Home > Analysis, Inequalities, Problem Solving > Traian Lalescu contest 2009 Problem 3

## Traian Lalescu contest 2009 Problem 3

Suppose $n \in \Bbb{N}, \ n \geq 2$ and $x_1,...,x_n >0,\ x_1+x_2+...+x_n=1$.Prove that

$\displaystyle \sum_{k=1}^n \frac{x_k}{1+k(x_1^2+x_2^2+...+x_k^2)}< \frac{\pi}{4}$, and the constant $\pi/4$ is the best possible.

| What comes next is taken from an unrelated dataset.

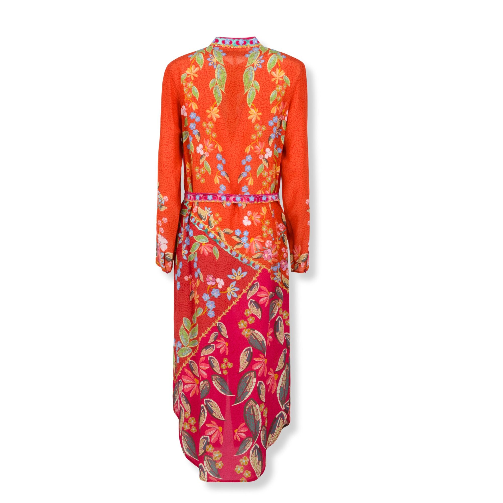 Molly D Dress Saloni. Vestibilità morbida e stampa su tutta la superficie, girocollo e abbottonatura frontale, cintura coordinata in vita e gonna con cadenza fluida.

Traian Lalescu contest 2009

1. May 11, 2011 at 2:53 pm

I don’t have a solution for the inequality, but if one can show it then we can conclude $\pi/4$ is the optimal constant by picking $x_1 = x_2 = x_3 = ... = x_n = 1/n$, which makes the sum a Riemann integral for $\int_0^1 1/(1+x^2) dx = \pi/4$, so we can make the sum arbitrarily close to $\pi/4$ by picking sufficiently large $n$.

• May 11, 2011 at 6:29 pm

Thank you for your remark. If you noticed that, you are very close to solving the inequality. The idea is to apply Cauchy Schwarz and then see that the result is indeed a Riemann sum for the given integral, which is smaller than the integral itself.